Re: MirrorMaker improvements

2015-03-25 Thread vlad...@gmail.com
Hi Jianqjie,

I only noticed a single TCP connection between a MM process to a single
broker. Is there something I could have done to open up more connections?

TCP can actually cap before saturating the network, which is the reason for
which it is hard to utilize a high bandwidth latency link with a single TCP
connection. There is an equation that links the MSS, RTT and loss rate of
the link to the TCP achievable throughput. Notice that the link bandwidth
does not come into play, since the only way it can affect throughput is by
increasing the loss rate due to drops when the link is congested. On WAN
links, however, usually a single connection will cap (due to random losses
and high RTT), long before achieving the capacity of the link. Here is a
reference for this:
http://www.ece.virginia.edu/~mv/edu/715/lectures/TCP/padhye98modeling.pdf

Regards,
Vlad

On Wed, Mar 25, 2015 at 3:43 PM, Jiangjie Qin 
wrote:

> Hi Vlad,
>
> I am not sure I understand the congestion window part. So TCP congestion
> control will only occur when you are saturating the network. If that is
> the case, bandwidth has already become the bottleneck. But we are talking
> about network under utilization, no?
>
> Another thing is that each fetcher thread has their own BlockingChannel to
> the broker, so they have dedicated TCP connections. Could you explain more
> on the Mux?
>
> Jiangjie (Becket) Qin
>
> On 3/25/15, 2:59 PM, "vlad...@gmail.com"  wrote:
>
> >@Guozhang
> >We actually have separate topics depending on the source of the message
> >and
> >the multicast distribution group (the set of destinations). Our topics are
> >named: source_multicast-group.
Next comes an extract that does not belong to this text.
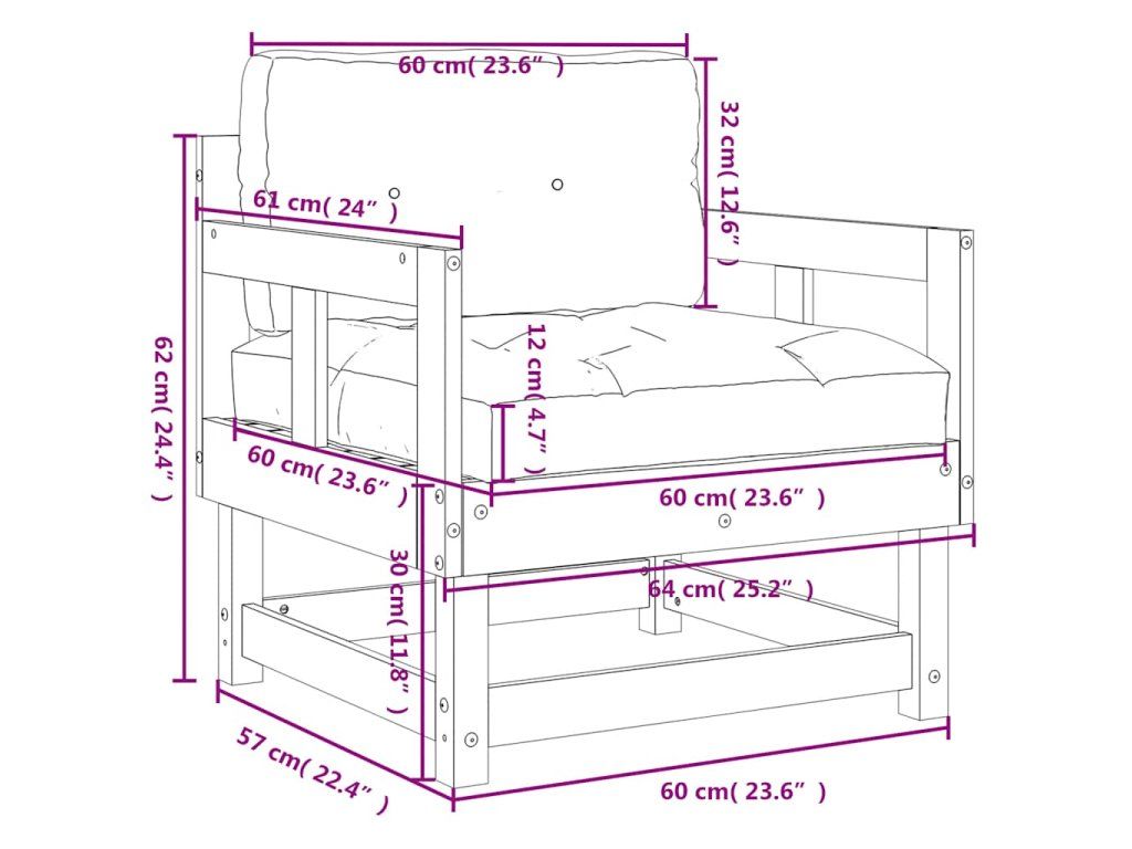 - Rozmery podložky na sedadlo: 60 x 60 x 12 cm (D x Š x V)
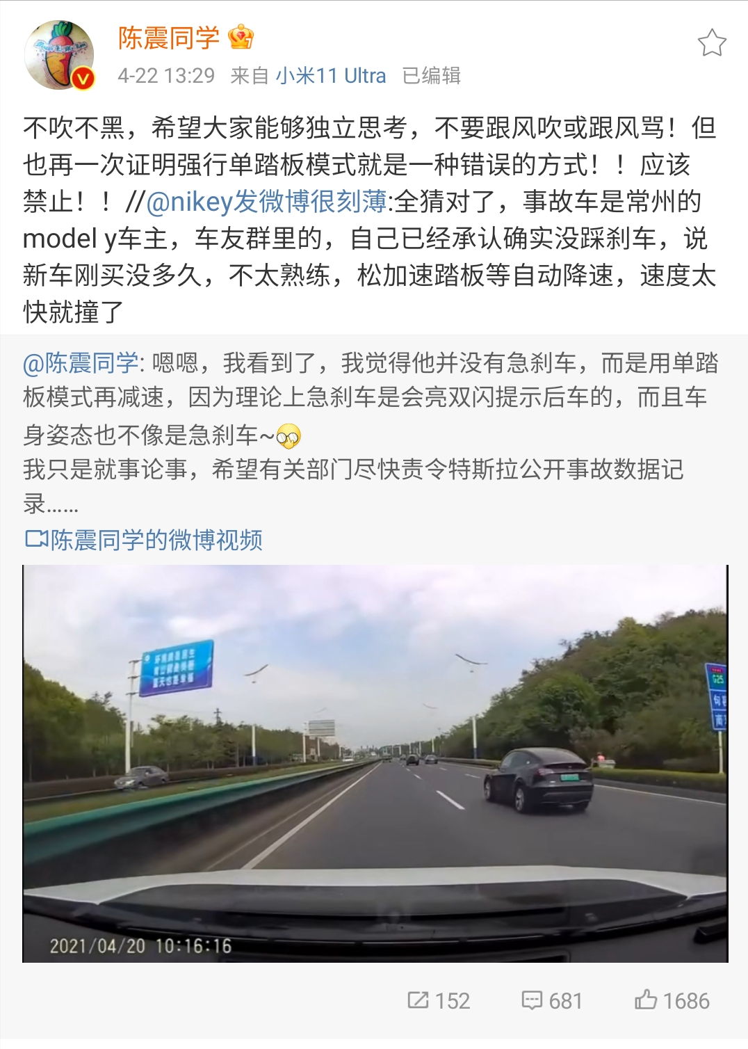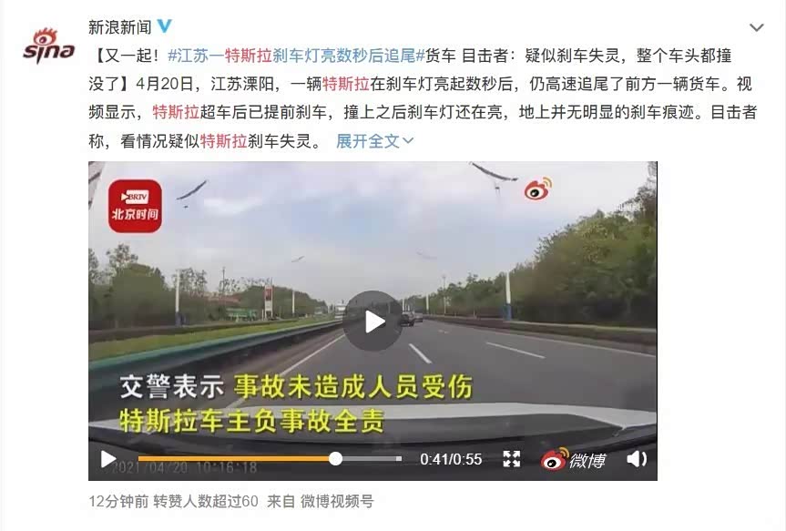 驾驶员忘记踩踏刹车导致“失控”,也的确得到了部分驾驶员的证实。回顾一些失控事件,例如几天前江苏特斯拉Model Y追尾事件中就出现了刹车灯已经点亮,车子没有明显减速导致追尾的事故!最初我认为刹车灯点亮可以佐证车主采取了刹车行为,而特斯拉车子并没有减速,所以是车子无故失灵!但车主迅速回应说本次事故是因为自己没有熟悉单踏板操作,在车辆高速行驶时仅抬起油门踏板等待车辆刹停!同时有特斯拉车主表示轻抬加速踏板,只要车子开始减速。刹车灯就会点亮,因此很明显不熟悉单踏板操作的确会造成所谓的“刹车失灵”。

We do not aggregate data but we do static
> >routing based on the destination and the destination set (that is, we set
> >up a tree of mirrormakers to copy the topic from the original datacenter
> >to
> >the others). This gives us a static topology (no path failure resilience)
> >and limits the number of multicast groups (since each multicase group
> >needs
> >a different topic for every source), but for our data replication pattern
> >is a good match. It also helps that the order of writes in our system is
> >not important, so we do not need a single point of aggregation :)
> >
> >@Jun
> >The actual problem is the congestion window, I do not think that the we
> >are
> >suffering due to the transmit/receive socket buffers (we are using the
> >same
> >buffers over different links with similar RTT but different loss rates and
> >the TCP connection throughput varies a lot, this would not be the case if
> >the amount of in-flight data would be limited by buffer size). The
> >socket-level cwnd metrics also support our hypothesis and we also have
> >measured using iperf what a single connection can transport across a lossy
> >inter-DC link. Jianqie seems to be suggesting a different blocking
> >scenario, similar to head-of-line blocking because of other requests,
> >however increasing the number of fetchers will not necessarily help since
> >all fetchers will mux their request over a single TCP connection when
> >sending requests to a single broker. The TCP connection's congestion
> >window
> >will continue to be the limiting factor. I would say that the only way out
> >of this is to pool multiple TCP connections from a single consumer to a
> >broker.
> >
> >For identical mirroring, I thought that when asking for data between a
> >pair
> >of offsets the result should always be the same. Would it be possible to
> >produce also indicating the offsets where the data should go?
> >
> >Regards,
> >Vlad
> >
> >On Wed, Mar 25, 2015 at 10:21 AM, Jiangjie Qin  >
> >wrote:
> >
> >> Hi Jun, I think bumping up socket.receive.buffer.bytes will help but
> >>might
> >> not be sufficient.
> >> There are actually two related factors here:
> >> 1. Pipelining TCP packets when send a single request/response.
> >> 2. Pipelining multiple requests/responses
> >> Bumping up socket.receive.buffer.bytes help with the 1) but does not
> >>help
> >> with 2).
> >>
> >> For example, consider the following scenario.
> >> RTT = 100 ms
> >> Bandwidth = 1 Gbps(128 MBps).
> >> Request size = 10KB
> >> Response size = 1MB
> >> If we only have a single fetcher which is working in a blocking way. The
> >> max number of requests we can achieve is 10 requests/sec because its
> >> restricted by the RTT. In this case, bumping up socket buffer size will
> >> not help. I think this is the situation Vlad mentioned.
> >>
&